En débarquant à Las Vegas y tenter Lady Luck, que la chance vous sourie ou vous snobe, vous aurez passé un moment unique. La ville des excès parie sur les outrances, en divertissement, en restauration, en limousines stretch, en malls de boutiques de luxe, en architecture, on y mise sur tous les degrés de la distraction fascinant, merveilleux ou simplement choquant et assommant.

Si vous atterrissez en fin de journée, bookez un survol du Strip de nuit en hélicoptère (Maverick http://www.flymaverick.com). La ballade, sur les 5 Miles de l’artère principale, offre une vue d’ensemble pyrotechnique de la succession de délires architecturaux, et de l’accumulation d’enseignes lumineuses se reflétant dans le centre de cette ville paradoxale, plantée au milieu des magnifiques collines du désert de Mojave.
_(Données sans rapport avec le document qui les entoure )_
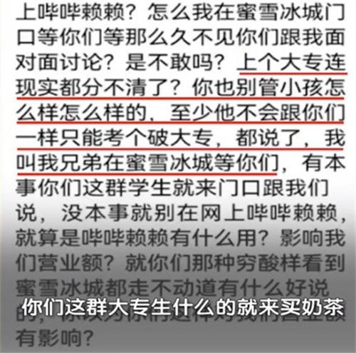 北京時(shí)間11月4日,在廣東機(jī)電職業(yè)技術(shù)學(xué)院的一名學(xué)生發(fā)文吐槽,被學(xué)校內(nèi)蜜雪冰城店鋪老板的孩子進(jìn)行了騷擾。這名學(xué)生表示老板的兒子滿口臟話,不講衛(wèi)生,還喜歡掀女孩子的裙子,與此同時(shí),在社交平臺(tái)上面流傳著一則疑似商家的回懟,他表示別管小孩子究竟怎么樣,至少不會(huì)跟他們一樣考一個(gè)破大專,認(rèn)為這些學(xué)生們看見蜜雪冰城都根本走不動(dòng)道,諷刺學(xué)生們是個(gè)窮酸鬼。

L’altitude vous offrira le pouvoir de fascination de la ville, par ce qu’au sol on y est littéralement arrosés par un brouhaha continuel de musique, une confusion qui procure un sentiment persistant d’urgence et d’inutile.

L’horizon traversé autrefois par les néons géants des motels au milieu du désert a subi plus d’une métamorphose depuis l’irruption de la société des jeux, qu’on peut dater par l’édification du Flamingo hotel de Bubsy Siegel en 1946. La ville des plaisirs a été fabriquée comme l’extension de la banlieue de Los Angeles, en mode gigantesque à l’image du continent, dédiée au divertissement de sa faune flambeuse de dollars gagnés à Hollywood, jusqu’aux années 70. Après une éclipse de gloire hype entre les années 80 et 90 « tacky ». Aujourd’hui, et depuis les succès des films Trip to Vegas, la Hype de Vegas est de retour et ce sont les constructions ultra modernes du City Center qui accueillent l’afflux des touristes, même si cette manne accuse une baisse significative depuis 2008, crise oblige.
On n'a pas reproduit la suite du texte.